Dat Desmet kritiek op zijn schrijfsels vergelijkt met een moordaanslag, mag intussen al niet meer verwonderen. Wie het reilen en zeilen van Desmet een beetje volgt, ziet dat de inhoud van hetgeen wordt geschreven en gezegd er al langer niet meer toe doet, maar de imagoshow rond de persoon van Desmet des te meer. Voor een hele groep mensen die Desmet bijna devoot op handen dragen, is Desmet verworden tot mascotte en martelaar tegelijk. En kritiek op de uitspraken en schrijfsels van Desmet worden door een grote schare volgers zelfs ervaren als een kritiek op de eigen persoon.

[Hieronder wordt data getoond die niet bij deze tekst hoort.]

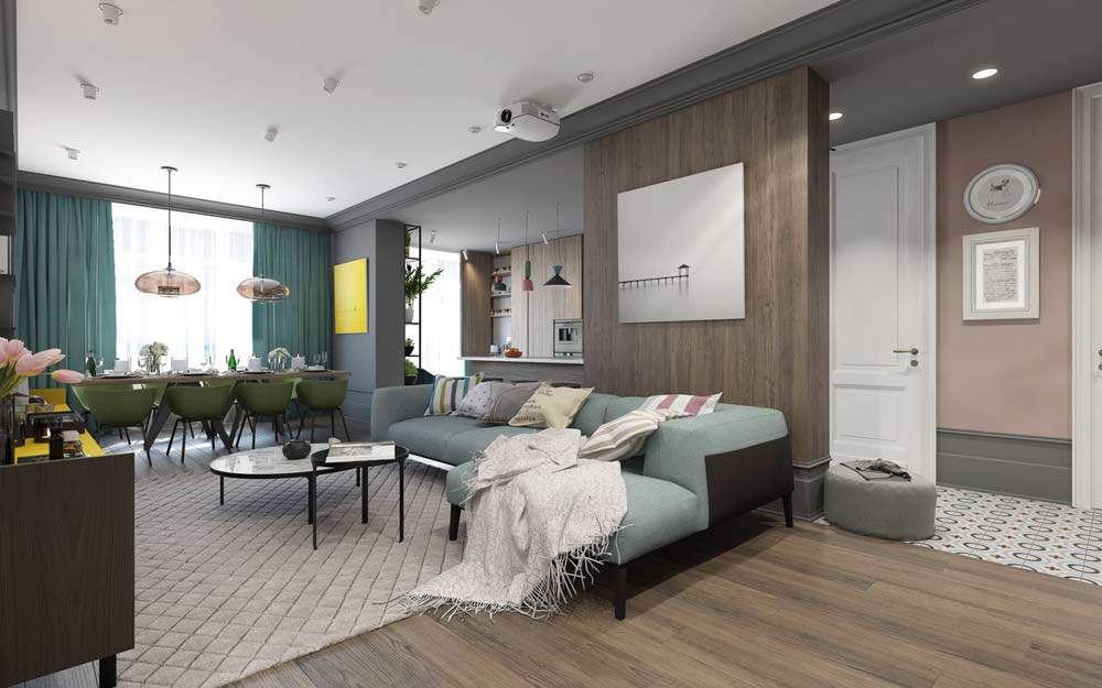 Колоритният интериор е по-скоро еклектичен, отколкото минималистичен. Забележете как акцентите в трапезарията и дневната използват силно наситени цветове, докато дивана и коридора са с меки пастелни тонове за по-релаксиращ вид.
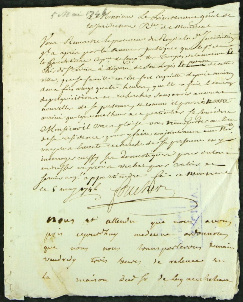 - Ce dossier d'administration judiciaire est composé des pièces suivantes : le réquisitoire du procureur du roi adressé au lieutenant général afin qu'il aille à la résidence de Daniel Migeon faire enquête au sujet de sa disparition ; la note du lieutenant général, disant avoir " pris médecine " et qu'il s'y rendra le lendemain ; le procès-verbal de la descente et des recherches faites au domicile de Migeon ; les interrogatoires de Louis Larue dit St-Louis, 45 ans, caporal de La Gauchetière, engagé par de Lignery et de Marie-Josèphe Dubé, femme de Frédéric Lemont, engagée de La Gauchetière pour faire le ménage, lesquels affirment que Migeon serait disparu tôt le matin, en se rendant aux offices religieux ; le procès-verbal de la visite sur les lieux de la découverte d'un corps échoué sur la berge du fleuve, vis-à-vis la Pointe-aux-Trembles. Le noyé est " visité " par le chirurgien Feltz, lequel n'y trouve aucune trace de blessure. On [...]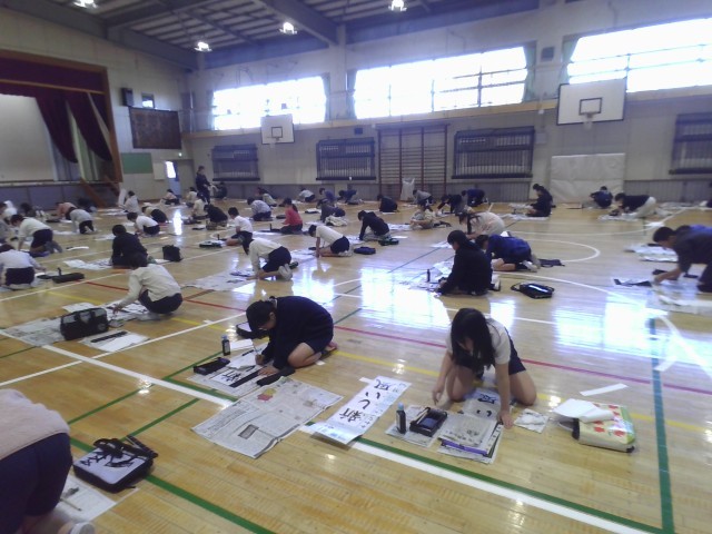 書き初め会の様子です。集中した空気がこちらにも伝わってきました。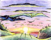 Doran and Cyria perching contemplatively, watching a sunset and pondering the future. 1998 I think.

Dat alles cultiveert Desmet ook zelf op een zeer uitgekiende manier. Van zodra bekend werd dat twee interne commissies aan de UGent een onderzoek gingen voeren naar zijn wetenschappelijke integriteit en de lesinhouden, ging Desmet bijvoorbeeld van start met een opvallende imagocampagne in 3 luiken. 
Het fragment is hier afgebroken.